Well-Being//

Nevada’s Facing a Potential Mental Health Crisis After the Las Vegas Shooting

The state's system was underprepared even before the tragedy happened.

Photo by Maranatha Pizarras on Unsplash

On top of the horror that Las Vegas has already experienced this week, Nevada is facing another potential crisis: the state “may be uniquely ill-prepared to deal with the emotional aftermath of the deadliest shooting in modern history,” Michael Easter writes for Science of Us.

Nevada’s mental health care system was already stretched thin prior to Sunday’s shooting, where 58 people were killed and more than 500 were injured. “There’s a crisis-level shortage” of psychiatrists in Las Vegas, Dr. Gregory P. Brown told Easter. “Nevada has just 190 licensed psychiatrists and just 390 psychologists,” Rebecca Robbins writes for STAT. That translates to about 6 psychiatrists per 100,000 residents and 13 psychologists per 100,000 residents. Easter points out that most similarly-sized urban areas have double those figures, and the Dartmouth Atlas of Health Care shows that in 2011, San Francisco, California, and the Bronx, New York, had 29 and 21.2 psychiatrists per 100,000 residents, respectively.

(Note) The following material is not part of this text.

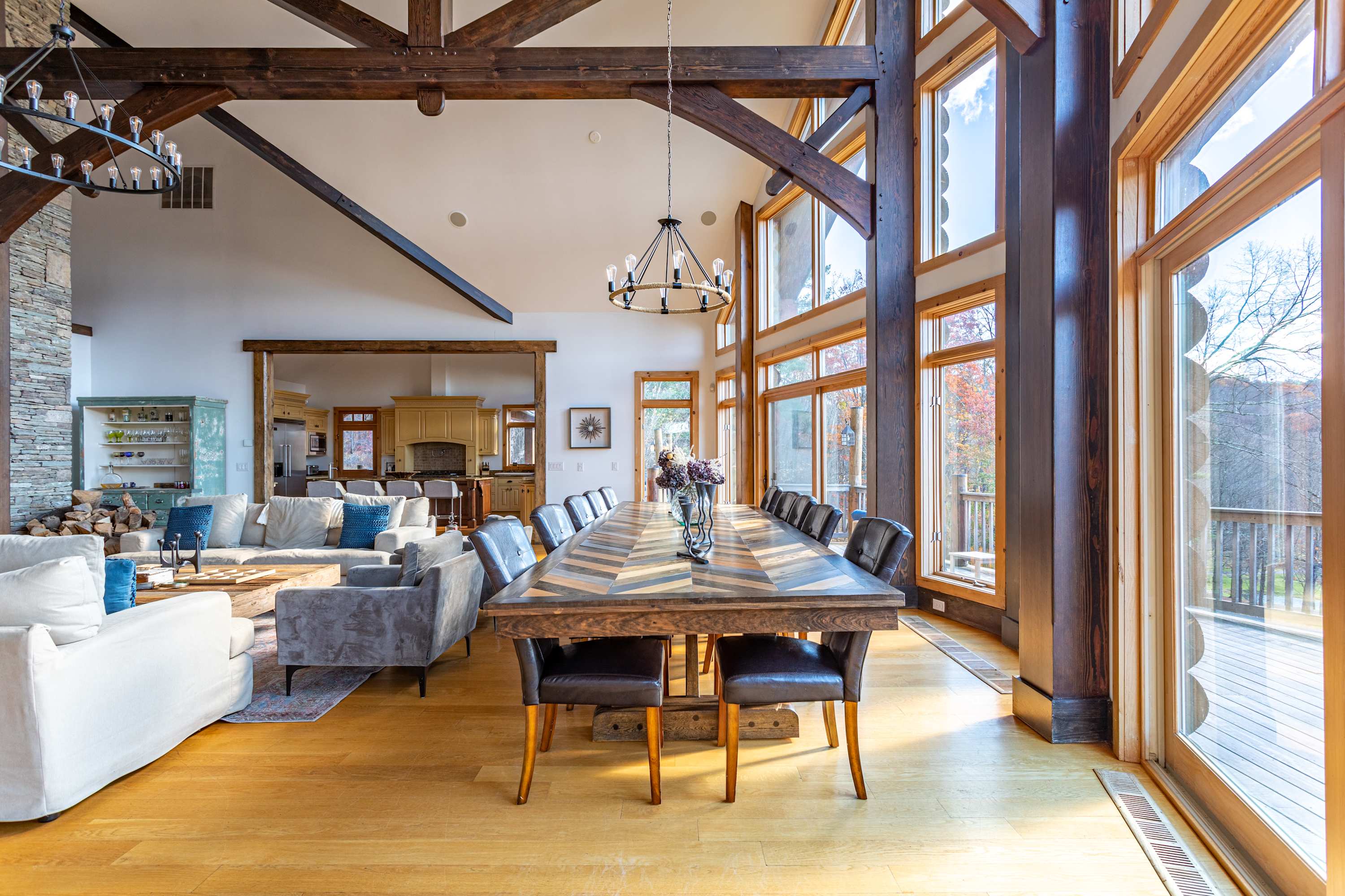 The open-plan design of the main floor creates an easy flow between the spacious living room, indoor dining area, kitchen, and deck. Sink into comfy couches while watching TV beside the grand fireplace, and enjoy dining for 10 on the elegant indoor dining table. Large doors open onto the elevated deck, with multiple seating areas, covered al fresco dining, a firepit lounge area, a large grill, and breathtaking views from every angle.

After a traumatic event like a mass shooting, it’s normal for people who were there to be psychologically affected by what they experienced, especially those who were already dealing with mental health conditions. Post-traumatic stress disorder (PTSD) is a particularly big concern.

The best way to treat PTSD, Easter writes, citing the National Institutes of Mental Health, is to work with a mental health professional—which Nevada, as already mentioned, doesn’t have many of. And as Robbins points out, many of the counselors in Las Vegas specialize in treating gambling, drug or alcohol addiction, not trauma.

In recent days, volunteer mental health professionals have been traveling to Las Vegas to help survivors and their families, Robbins writes. This is encouraging news, and the number of mental health care professionals there now exceeds the demand for them. But Robbins poses an important question: “What happens when the volunteers go home?”

In order to to handle the continuing mental health crisis after the volunteers leave, “it’s certainly going to take us above and beyond what we were already capable of managing before, which was: We were barely making it,” Michelle Paul, a clinical psychologist and director of a mental health care clinic at the University of Nevada, Las Vegas told Robbins.

Franci Crepeau-Hobson, an associate professor at the University of Colorado, Denver, who has studied how mass shootings impact people psychologically, told Easter that it’s common for some survivors of mass-shootings to experience bad dreams and flashbacks, and to become easily startled or depressed. “Research suggests the psychological weight survivors carry will be heavy,” Easter writes. He points to a study in the American Journal of Psychiatry that found following a mass shooting that left 23 people dead in Killeen, Texas, 20 percent of male and 35 percent of female survivors experienced mental health issues. And of course, survivors probably don’t live in a bubble: they likely have friends and family who are also affected by the mental health challenges they’re going through.

Even before the shooting happened, Nevada was already faring poorly in terms of providing access to mental health treatment. Mental Health America, the largest national mental-health nonprofit, put Nevada last on their list of mental-health rankings by state in 2014, Easter writes. That ranking is calculated using 15 measures including mental health workforce availability, adults with dependence or abuse of illicit drugs or alcohol, adults with disability who couldn’t see a doctor due to costs, how many citizens have considered suicide and how many have struggled with depression.

Nevada also ranks “36th for prevalence of mental illness,” based on the same findings from Mental Health America, but ranks 50th in access to care. Meaning Nevada “offers the least access to mental-health care compared to every other U.S. state,” Easter writes.

Then of course there’s the policy side of things: “the Nevada legislature cut $60 million in funding from mental-health programs,” in 2014 Easter writes, during a time when mentally ill patients were being shipped out of Las Vegas via bus in order to be closer to their families.

While there are obviously large changes needed to fix Nevada’s mental health care system in the long run, in the immediate aftermath of the shooting, Las Vegas needs safe spaces to help those affected heal, Crepeau-Hobson told Easter. She said that these spaces should exist outside of traditional mental health centers: “Faith-based institutions and schools are good locations to set up trauma centers because people feel safer and more normal going there.”

Part of healing from events like Sunday night’s shooting can come from communal catharsis. Even if you weren’t personally affected, these events ripple through our collective consciousness. One of the best ways to feel useful and lend support is to get involved: you can donate money to the Las Vegas Victims’ Fund here, or look up your local Red Cross blood donation center here.